WHAT THE TASK REQUIRES: Output every entry below word for word, minus the images.

DATA:
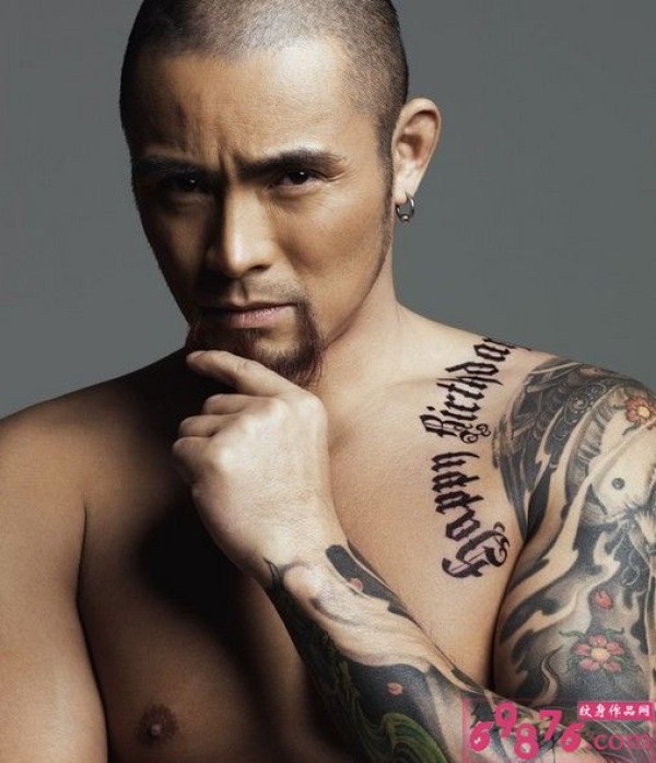 型男霸气披肩般若英文纹身_般若纹身图案大全_纹身图吧
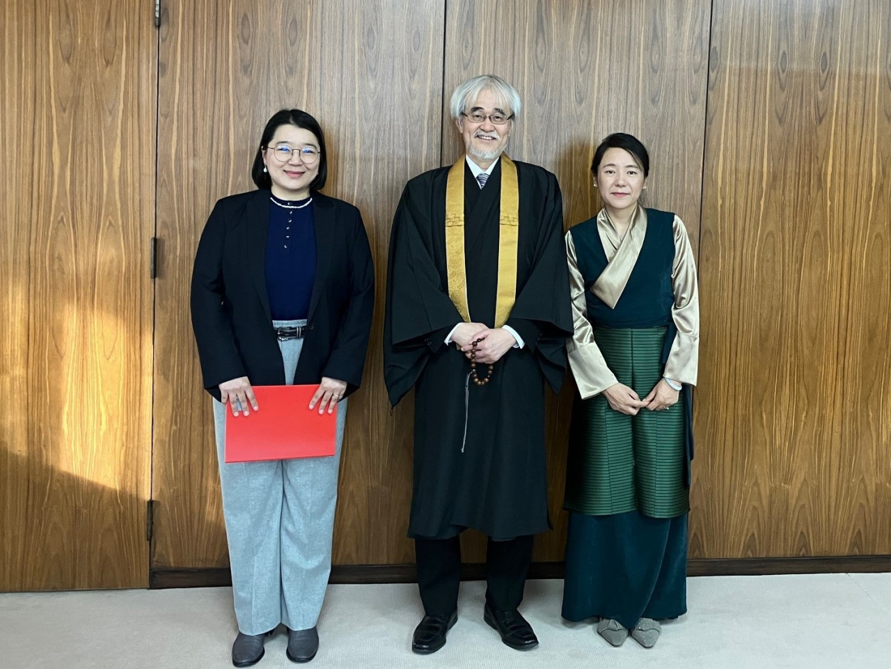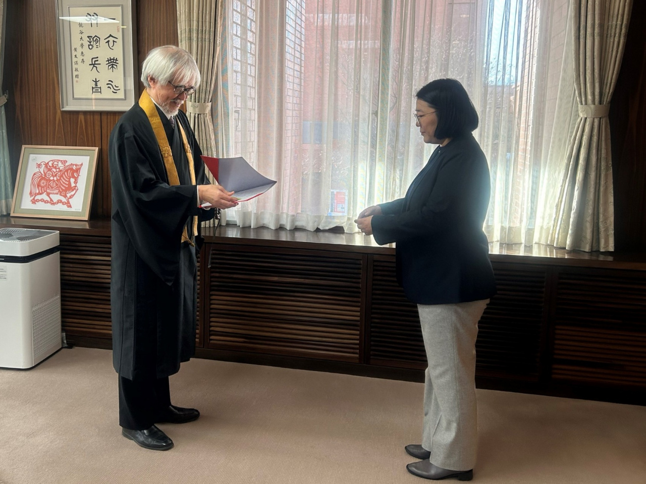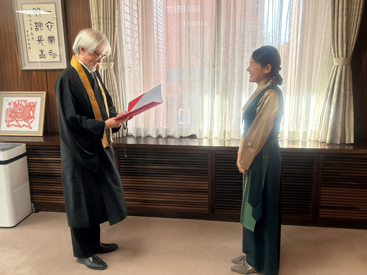 この度の授与式では、李 桃(リ タオ)先生、Lu Mu Cao(ル モ ツォ)先生の2名が受賞されました。受給研究者からは、研究の内容が紹介されました。入澤学長からは、沼田恵範氏の思いを継ぎ、仏教の学術振興や海外伝道に貢献することとともに、仏教研究における中国やチベットとの更なる学術交流への期待が祝辞として述べられました。
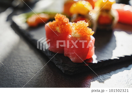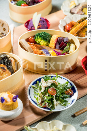 Japanese food in bamboo containers, closeup of a Japanese meal.
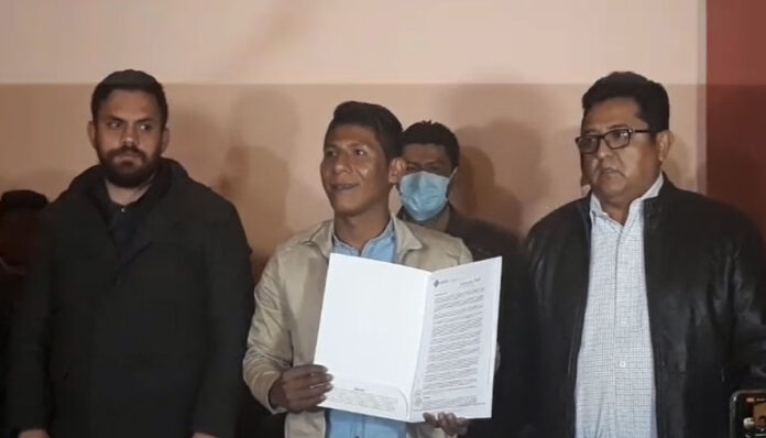 El ministro de Gobierno, Eduardo del Castillo junto al ministro de Desarrollo Rural y Tierras, Remmy Gonzales, acreditaron ayer en conferencia de prensa a la dirigencia de Arnold Alanes, después de que horas antes efectivos del orden reprimieron a cocaleros que respaldan a Lluta.
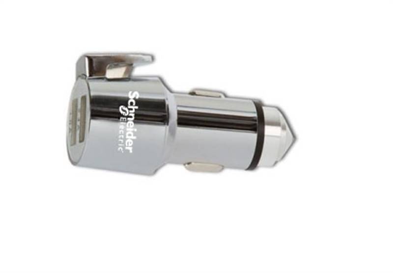 Built to charge, break, and escape. This emergency auto multi-tool can charge your devices. Input: 12V-24V, Output (x1): 5V/2.4A & Output (x1): 5V/1.0A. It can also break your windows with the tungsten steel tip. Lastly, it features a razor-sharp blade for cutting seat belts. Features the Schneider Electric logo.
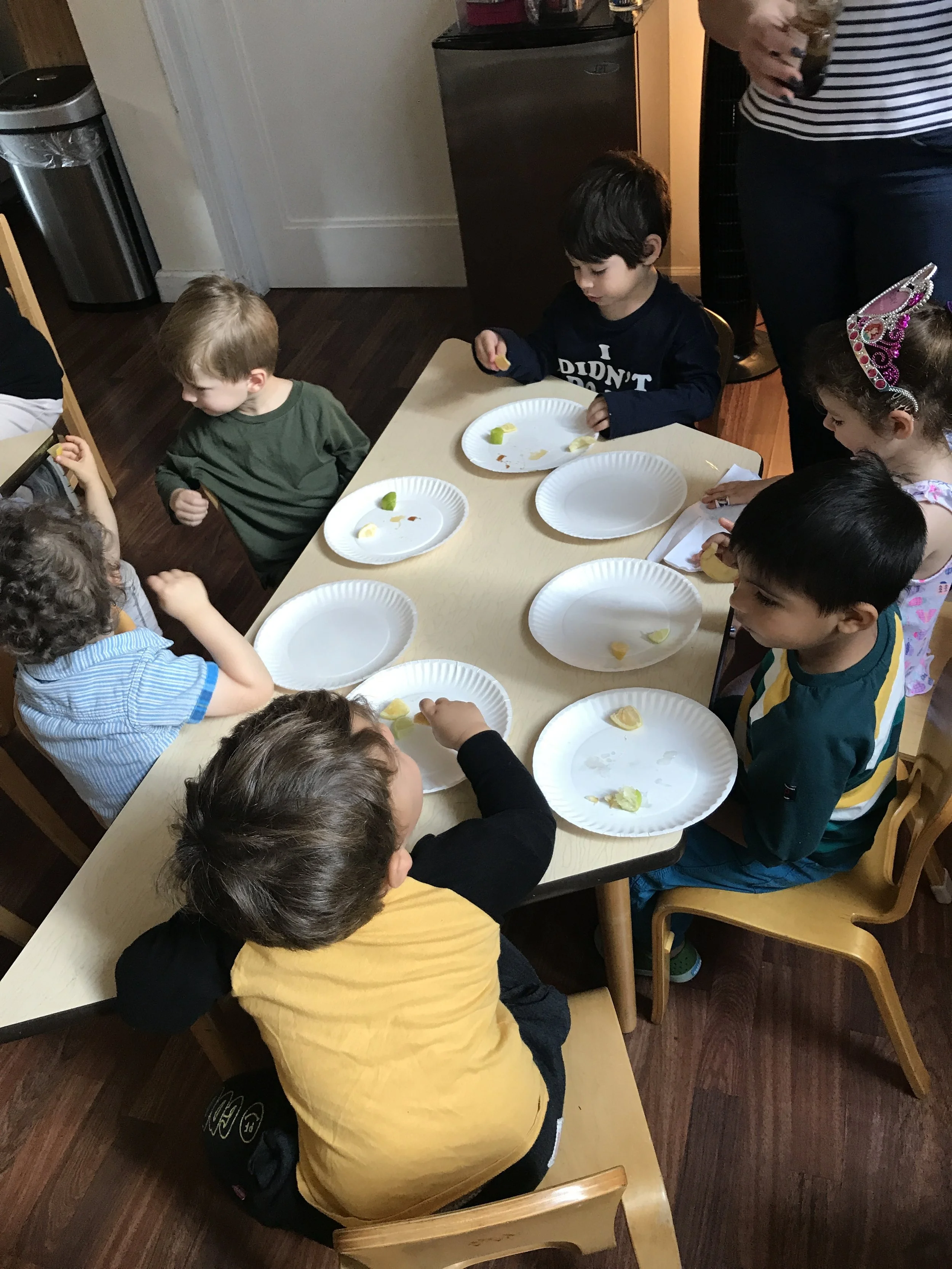 On Wednesday we had our first soccer class with Coach JoJo. The children worked on their kicking skills by kicking balls, tall cones, and short cones into the nets. We also had cooking/science with Diane. She brought in apples from the farmer's market and the children tasted them along with lemons, lime, cinnamon honey, and wildflower honey. Afterward we talked about which flavor we liked the most.
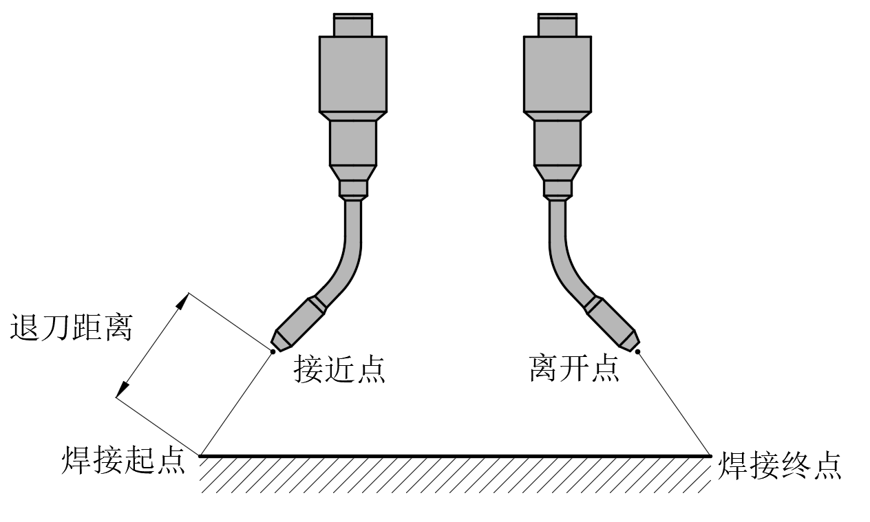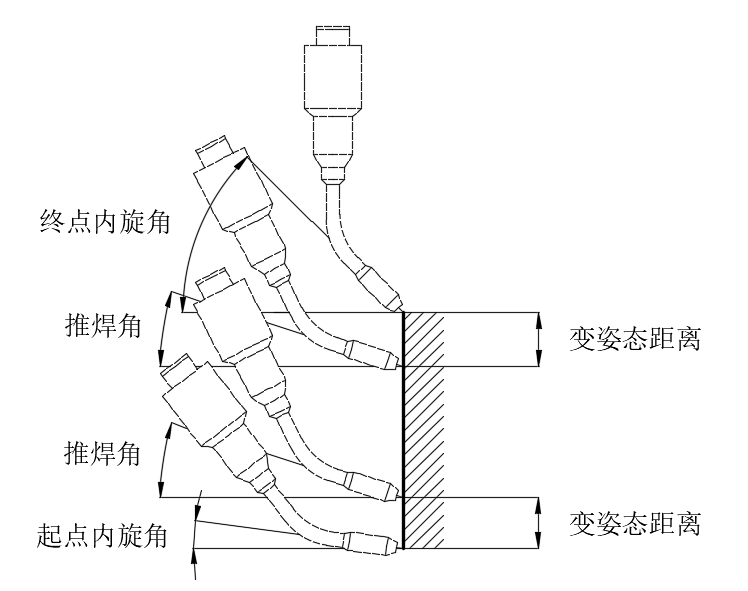 焊接开始段和结束段变姿态的距离。焊接变姿态距离可以设置短一些,常用:50~100mm。
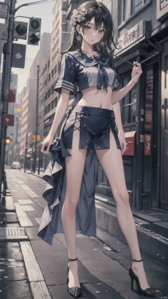 1girl, full body, (long legs), earrings,high heels,,city,street,(flower rain), hair stick,vivid,colorful, bare belly,minisailor,moyou, depth of field, 1 girl
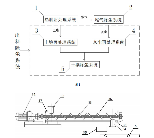 具有出料除塵功能的土壤熱脫附設(shè)備處理系統(tǒng),涉及有機(jī)污染物污染土壤處理除塵技術(shù),包括采用加熱方式處理土壤去除其污染物的土壤熱脫附設(shè)備處理系統(tǒng)和對(duì)熱脫附處理過(guò)程中產(chǎn)生的煙塵進(jìn)行處理的尾氣除塵系統(tǒng),其還包括對(duì)熱脫附處理后的土壤進(jìn)行后續(xù)處理的土壤再處理系統(tǒng)和土壤除塵系統(tǒng),所述土壤再處理系統(tǒng)的輸入與所述熱脫附處理系統(tǒng)的輸出相連,所述土壤除塵系統(tǒng)的輸入與所述土壤再處理系統(tǒng)的輸出相連。本發(fā)明通過(guò)土壤再處理系統(tǒng)和土壤除塵系統(tǒng)對(duì)出料土壤揚(yáng)塵進(jìn)行有效控制,現(xiàn)場(chǎng)操作時(shí),熱脫附設(shè)備的出料口基本沒(méi)有揚(yáng)塵產(chǎn)生,極大地改善了現(xiàn)場(chǎng)的生產(chǎn)環(huán)境,還可以達(dá)到資源的循環(huán)利用。
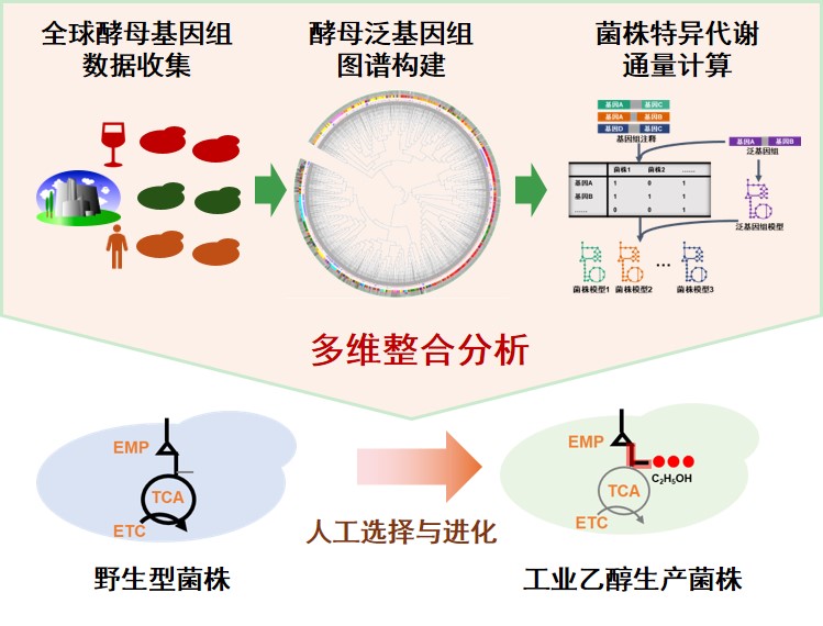 本研究創(chuàng)建了高質(zhì)量酵母泛基因組與菌株特異性代謝模型數(shù)字資源庫?;诖耍瑘F(tuán)隊(duì)建立了“泛基因組-代謝模型-多組學(xué)整合”的多維度分析流程,為從系統(tǒng)層面理解微生物的環(huán)境適應(yīng)性及代謝特性提供了新理論框架。以工業(yè)乙醇生產(chǎn)菌株為例,團(tuán)隊(duì)從基因、轉(zhuǎn)錄及代謝通量三個(gè)維度證實(shí),強(qiáng)化糖酵解下游途徑與乙醇的高效合成密切相關(guān),該發(fā)現(xiàn)為后續(xù)乙醇及其衍生物細(xì)胞工廠的理性設(shè)計(jì)提供了重要線索。
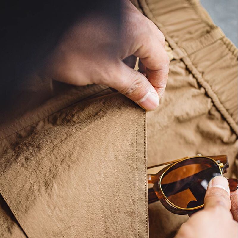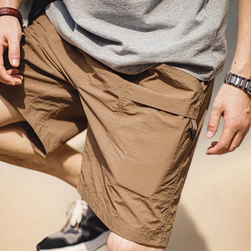 様々なポケットが配置された実用的なハーフパンツ。

RESPONSE BELOW:
 型男霸气披肩般若英文纹身_般若纹身图案大全_纹身图吧
 この度の授与式では、李 桃(リ タオ)先生、Lu Mu Cao(ル モ ツォ)先生の2名が受賞されました。受給研究者からは、研究の内容が紹介されました。入澤学長からは、沼田恵範氏の思いを継ぎ、仏教の学術振興や海外伝道に貢献することとともに、仏教研究における中国やチベットとの更なる学術交流への期待が祝辞として述べられました。
 Japanese food in bamboo containers, closeup of a Japanese meal.
 El ministro de Gobierno, Eduardo del Castillo junto al ministro de Desarrollo Rural y Tierras, Remmy Gonzales, acreditaron ayer en conferencia de prensa a la dirigencia de Arnold Alanes, después de que horas antes efectivos del orden reprimieron a cocaleros que respaldan a Lluta.
 Built to charge, break, and escape. This emergency auto multi-tool can charge your devices. Input: 12V-24V, Output (x1): 5V/2.4A & Output (x1): 5V/1.0A. It can also break your windows with the tungsten steel tip. Lastly, it features a razor-sharp blade for cutting seat belts. Features the Schneider Electric logo.
 On Wednesday we had our first soccer class with Coach JoJo. The children worked on their kicking skills by kicking balls, tall cones, and short cones into the nets. We also had cooking/science with Diane. She brought in apples from the farmer's market and the children tasted them along with lemons, lime, cinnamon honey, and wildflower honey. Afterward we talked about which flavor we liked the most.
 焊接开始段和结束段变姿态的距离。焊接变姿态距离可以设置短一些,常用:50~100mm。
 1girl, full body, (long legs), earrings,high heels,,city,street,(flower rain), hair stick,vivid,colorful, bare belly,minisailor,moyou, depth of field, 1 girl
 具有出料除塵功能的土壤熱脫附設(shè)備處理系統(tǒng),涉及有機(jī)污染物污染土壤處理除塵技術(shù),包括采用加熱方式處理土壤去除其污染物的土壤熱脫附設(shè)備處理系統(tǒng)和對(duì)熱脫附處理過(guò)程中產(chǎn)生的煙塵進(jìn)行處理的尾氣除塵系統(tǒng),其還包括對(duì)熱脫附處理后的土壤進(jìn)行后續(xù)處理的土壤再處理系統(tǒng)和土壤除塵系統(tǒng),所述土壤再處理系統(tǒng)的輸入與所述熱脫附處理系統(tǒng)的輸出相連,所述土壤除塵系統(tǒng)的輸入與所述土壤再處理系統(tǒng)的輸出相連。本發(fā)明通過(guò)土壤再處理系統(tǒng)和土壤除塵系統(tǒng)對(duì)出料土壤揚(yáng)塵進(jìn)行有效控制,現(xiàn)場(chǎng)操作時(shí),熱脫附設(shè)備的出料口基本沒(méi)有揚(yáng)塵產(chǎn)生,極大地改善了現(xiàn)場(chǎng)的生產(chǎn)環(huán)境,還可以達(dá)到資源的循環(huán)利用。
 本研究創(chuàng)建了高質(zhì)量酵母泛基因組與菌株特異性代謝模型數(shù)字資源庫?;诖耍瑘F(tuán)隊(duì)建立了“泛基因組-代謝模型-多組學(xué)整合”的多維度分析流程,為從系統(tǒng)層面理解微生物的環(huán)境適應(yīng)性及代謝特性提供了新理論框架。以工業(yè)乙醇生產(chǎn)菌株為例,團(tuán)隊(duì)從基因、轉(zhuǎn)錄及代謝通量三個(gè)維度證實(shí),強(qiáng)化糖酵解下游途徑與乙醇的高效合成密切相關(guān),該發(fā)現(xiàn)為后續(xù)乙醇及其衍生物細(xì)胞工廠的理性設(shè)計(jì)提供了重要線索。
 様々なポケットが配置された実用的なハーフパンツ。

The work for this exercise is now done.